Poi è lo stesso corso della guerra a dare inevitabilmente una scossa all'impalcatura fascista. A partire dalla metà del 1942 le incursioni aeree iniziarono a prendere di mira obiettivi civili per fiaccare il morale della popolazione. Di fronte all'evidente incapacità del regime nell'organizzare un'efficace protezione del Paese e ai razionamenti dei viveri iniziò quel malcontento sempre più generalizzato che sfociò negli scioperi della primavera del '43 e poi nel crollo del fascismo.

Non tutto è però perduto, nemmeno nei momenti di peggior sbandamento. «Già il 9 settembre», sottolinea Dellavalle, «in una Roma abbandonata dal monarca, assume piena responsabilità il Cln, il Comitato di liberazione nazionale, in cui si riconoscono tutti i partiti antifascisti con una nuova classe dirigente, i cui ideali vennero poi trasfusi nelle istituzioni democratiche e nella Costituzione. Per questo nel dopoguerra possiamo considerarci, nello stesso tempo, sconfitti e vincitori. L'essere vincitori non va certamente collegato alle vicende belliche, ma nell’esser riusciti a superare un’esperienza tragica che poteva segnare la fine della nostra convivenza civile e della nostra sovranità nazionale».

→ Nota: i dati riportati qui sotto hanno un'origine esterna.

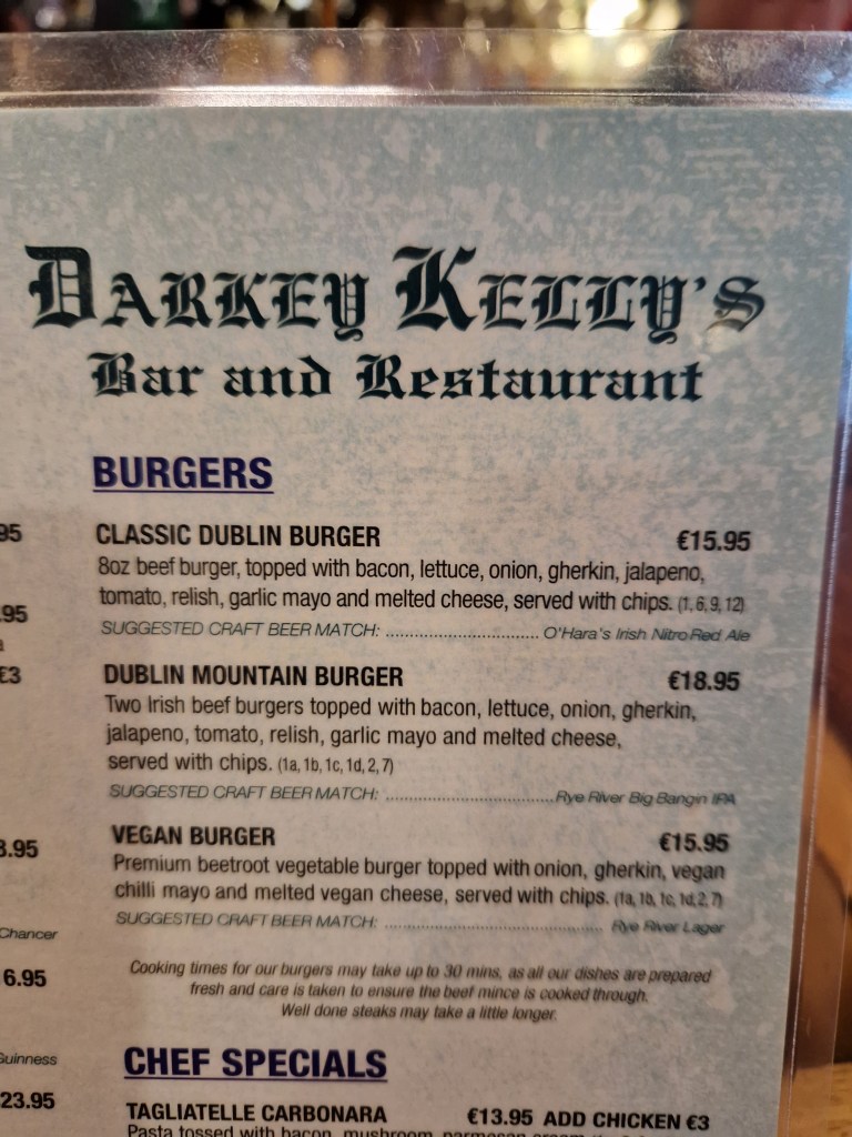 The two churches are near my place in Dublin. And, that’s bangers and mash for dinner at Darkey Kelley’s Pub.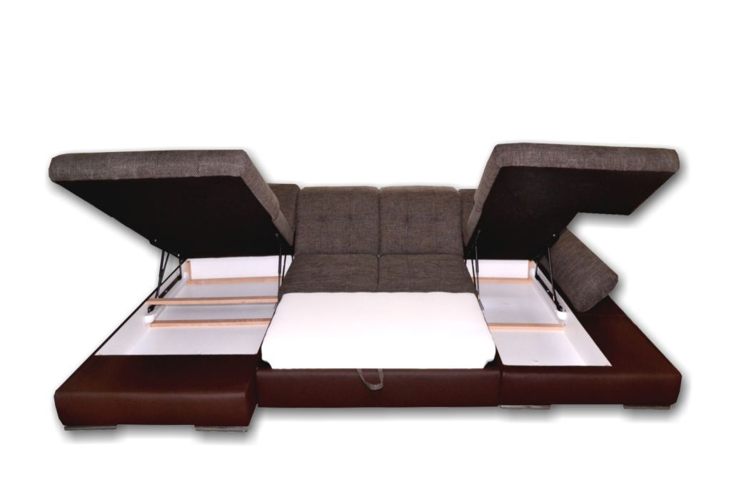 Komfortní sedací souprava 180x365x200 cm s polohovací područí a pěti nastavitelnými opěrkami hlavy. V obou přístavcích jsou objemné úložné prostory, pro snadnou obsluhu vybavené plynovými písty. Sedací souprava je velmi pohodlná a v případě, že sháníte sedačku, na které budete moci lenošit, je dobrou volbou právě pro vás. Jednoduchým rozložením soupravy získáte pohodlnou postel 280x135 cm vhodnou k příležitostnému spaní. Sedací soupravu si můžete objednat v pravém nebo levém provedení (na úvodním obrázku je pravá provedení).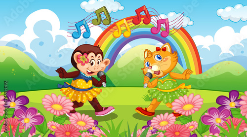 Obraz premium Cute animals performance singing at the park
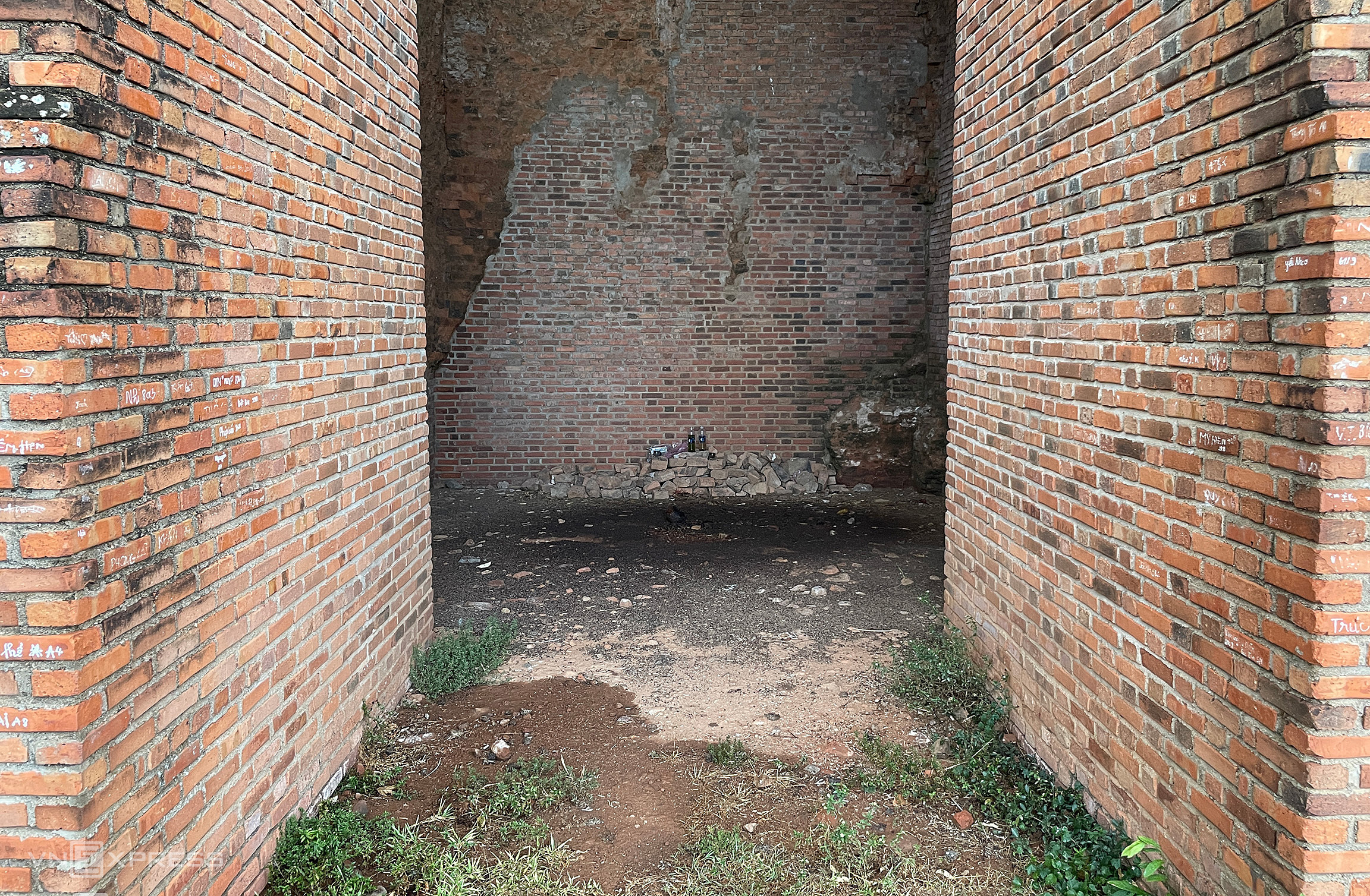 The worship altar inside Thu Thien Tower. The tower's body has a long crack. Phase 2 of the project will focus on restoring the tower's body. |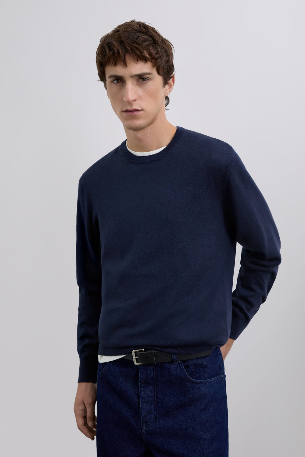 Sweater confecionada em 100% lã. Regular fit. Decote redondo. Manga comprida. Pormenor de logótipo bordado no tom no peito. Acabamentos em nervuras.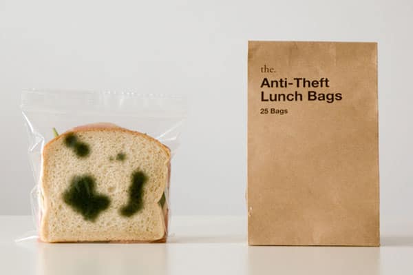 You can understand how excited I was when I found these anti-theft lunch bags on the Internet today. Wow, I have to order some of these right now just because they are so cool. Do you have anyone trying to steal your lunch? Perhaps it’s your coworkers or even your significant other? Now you have a way to protect your food in these bags with green blots, that resemble mold, printed on both sides. The culprits will assume your sandwich is spoiled and will move on to the next person and your lunch will be safe!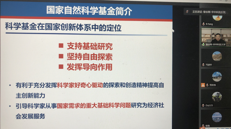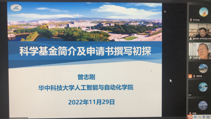 2022年11月29日,华中科技大学曾志刚教授通过线上方式为我校师生做了题目为“科学基金简介及申请书撰写初探”的专题报告。报告会由suncitygroup太阳集团副院长冯进钤教授主持,学校各相关学院共计190余名师生参加了此次会议。

«Dalla Resistenza», evidenzia Gariglio, «derivò anche un’idea di patria certamente diversa da quella del passato regime fascista. Un ideale alimentato dal riscatto dell’Italia del lavoro e della democrazia, valori poi trasposti poi nella Costituzione».

In questo senso può esser detto che la Resistenza fu davvero il compimento del Risorgimento, poiché la nuova Italia democratica che nacque dalla guerra di Liberazione permise l'inserimento nella vita politica di quei ceti operai e contadini che, sino ad allora, ne erano rimasti ai margini. Forse, se c'è stato un silenzio, potrebbe esser quello della borghesia. La classe che più si identificò col fascismo si trovò come spiazzata dalle vicende storiche e non riuscì a definire una sua chiara strategia, come mostrano il mancato decollo del Partito liberale e l'appoggio, sempre cauto e diffidente, concesso alla Democrazia cristiana. Quando oggi si invoca la nascita di una moderna destra conservatrice, capace di afflato europeo e di senso civico, forse si dovrebbe pensare anche ad una certa incapacità della nostra borghesia di essere vera classe dirigente. E chissà che molte delle convulsioni che l'Italia visse nel 1943, e in quel fatidico 8 settembre, non abbiano in questo la loro vera spiegazione.